What is required -> From the data below, return only the lines from the one with "这是在呼伦贝尔陈巴尔虎旗牧云山顶拍摄的莫日格勒河(8月3日摄,无人机照片)。" through the one with "or Gold wired", exact and inclusive, with pictures left out.

Data for this exercise ->
----------------

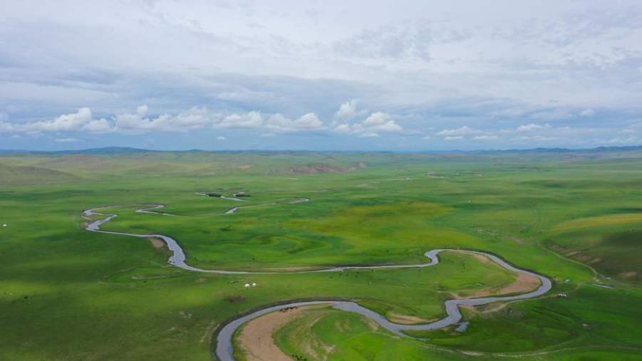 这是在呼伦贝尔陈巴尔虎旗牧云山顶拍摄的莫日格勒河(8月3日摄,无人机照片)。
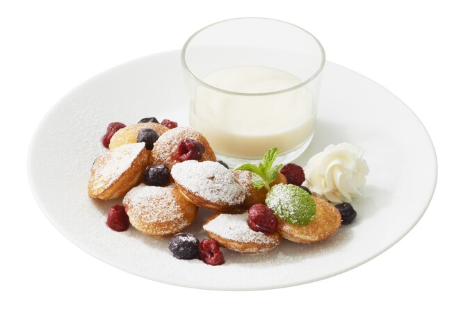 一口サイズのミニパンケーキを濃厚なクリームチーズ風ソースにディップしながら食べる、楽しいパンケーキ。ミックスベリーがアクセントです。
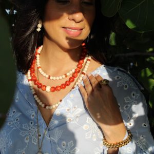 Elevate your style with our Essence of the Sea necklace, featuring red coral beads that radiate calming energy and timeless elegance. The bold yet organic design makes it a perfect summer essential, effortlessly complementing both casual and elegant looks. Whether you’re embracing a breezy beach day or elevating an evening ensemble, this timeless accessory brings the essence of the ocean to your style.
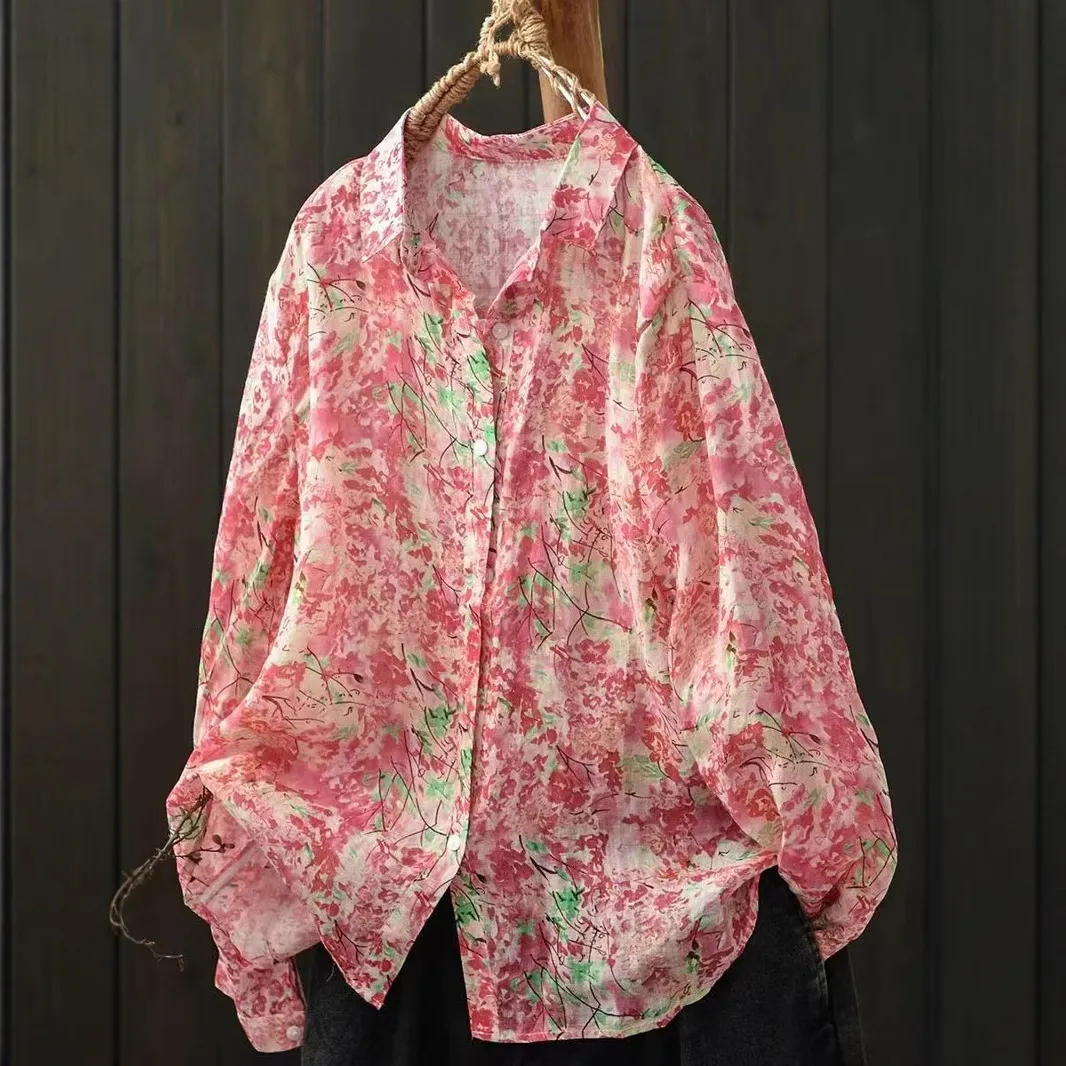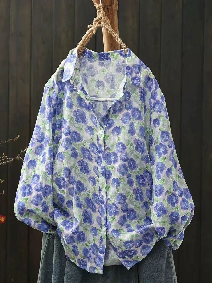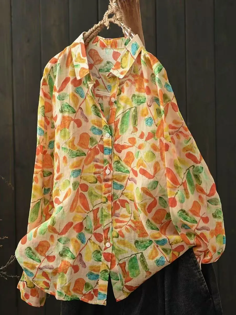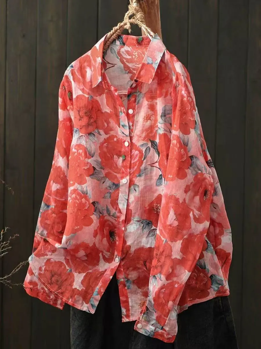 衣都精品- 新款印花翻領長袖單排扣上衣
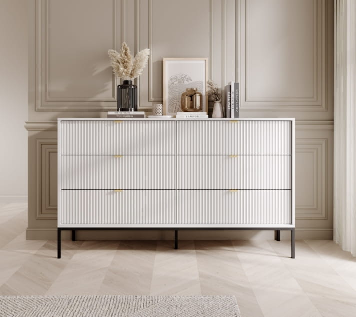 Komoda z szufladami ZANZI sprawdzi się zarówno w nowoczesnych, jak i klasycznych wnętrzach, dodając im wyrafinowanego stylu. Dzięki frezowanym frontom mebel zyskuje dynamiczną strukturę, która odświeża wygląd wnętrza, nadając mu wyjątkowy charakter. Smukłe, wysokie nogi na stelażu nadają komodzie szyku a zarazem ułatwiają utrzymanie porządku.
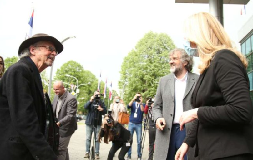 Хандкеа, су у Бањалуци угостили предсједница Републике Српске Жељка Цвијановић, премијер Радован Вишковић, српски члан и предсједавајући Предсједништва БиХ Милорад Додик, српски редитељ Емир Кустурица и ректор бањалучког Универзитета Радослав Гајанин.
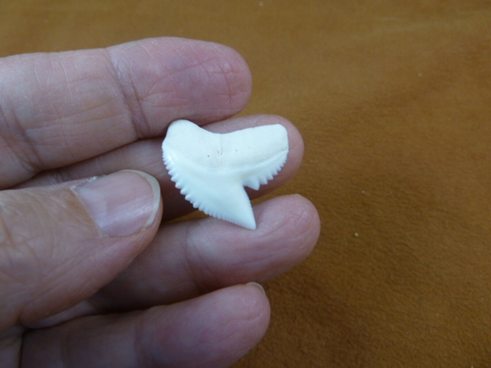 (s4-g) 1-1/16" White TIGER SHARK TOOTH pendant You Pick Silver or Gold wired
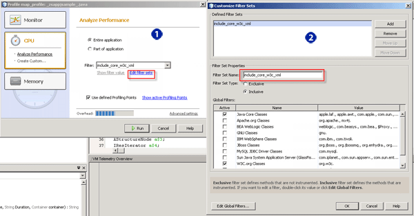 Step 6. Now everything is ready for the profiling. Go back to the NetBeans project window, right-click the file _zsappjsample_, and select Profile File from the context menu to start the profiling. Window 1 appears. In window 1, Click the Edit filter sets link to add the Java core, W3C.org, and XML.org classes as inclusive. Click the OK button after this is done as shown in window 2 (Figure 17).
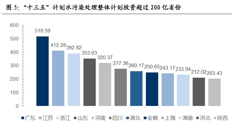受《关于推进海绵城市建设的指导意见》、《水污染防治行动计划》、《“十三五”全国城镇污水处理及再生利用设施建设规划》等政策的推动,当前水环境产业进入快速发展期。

----------------

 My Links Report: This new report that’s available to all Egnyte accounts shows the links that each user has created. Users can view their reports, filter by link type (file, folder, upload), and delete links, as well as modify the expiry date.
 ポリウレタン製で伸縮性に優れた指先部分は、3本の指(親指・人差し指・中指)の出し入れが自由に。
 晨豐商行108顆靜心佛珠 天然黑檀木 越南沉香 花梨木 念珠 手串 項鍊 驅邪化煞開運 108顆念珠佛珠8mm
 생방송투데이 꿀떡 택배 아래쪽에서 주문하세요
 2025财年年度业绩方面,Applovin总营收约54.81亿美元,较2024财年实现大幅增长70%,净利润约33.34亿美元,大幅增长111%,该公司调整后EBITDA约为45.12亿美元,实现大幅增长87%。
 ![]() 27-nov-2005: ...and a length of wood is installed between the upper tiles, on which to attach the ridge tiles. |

----------------

Task answer ->
 这是在呼伦贝尔陈巴尔虎旗牧云山顶拍摄的莫日格勒河(8月3日摄,无人机照片)。
 一口サイズのミニパンケーキを濃厚なクリームチーズ風ソースにディップしながら食べる、楽しいパンケーキ。ミックスベリーがアクセントです。
 Elevate your style with our Essence of the Sea necklace, featuring red coral beads that radiate calming energy and timeless elegance. The bold yet organic design makes it a perfect summer essential, effortlessly complementing both casual and elegant looks. Whether you’re embracing a breezy beach day or elevating an evening ensemble, this timeless accessory brings the essence of the ocean to your style.
 衣都精品- 新款印花翻領長袖單排扣上衣
 Komoda z szufladami ZANZI sprawdzi się zarówno w nowoczesnych, jak i klasycznych wnętrzach, dodając im wyrafinowanego stylu. Dzięki frezowanym frontom mebel zyskuje dynamiczną strukturę, która odświeża wygląd wnętrza, nadając mu wyjątkowy charakter. Smukłe, wysokie nogi na stelażu nadają komodzie szyku a zarazem ułatwiają utrzymanie porządku.
 Хандкеа, су у Бањалуци угостили предсједница Републике Српске Жељка Цвијановић, премијер Радован Вишковић, српски члан и предсједавајући Предсједништва БиХ Милорад Додик, српски редитељ Емир Кустурица и ректор бањалучког Универзитета Радослав Гајанин.
 (s4-g) 1-1/16" White TIGER SHARK TOOTH pendant You Pick Silver or Gold wired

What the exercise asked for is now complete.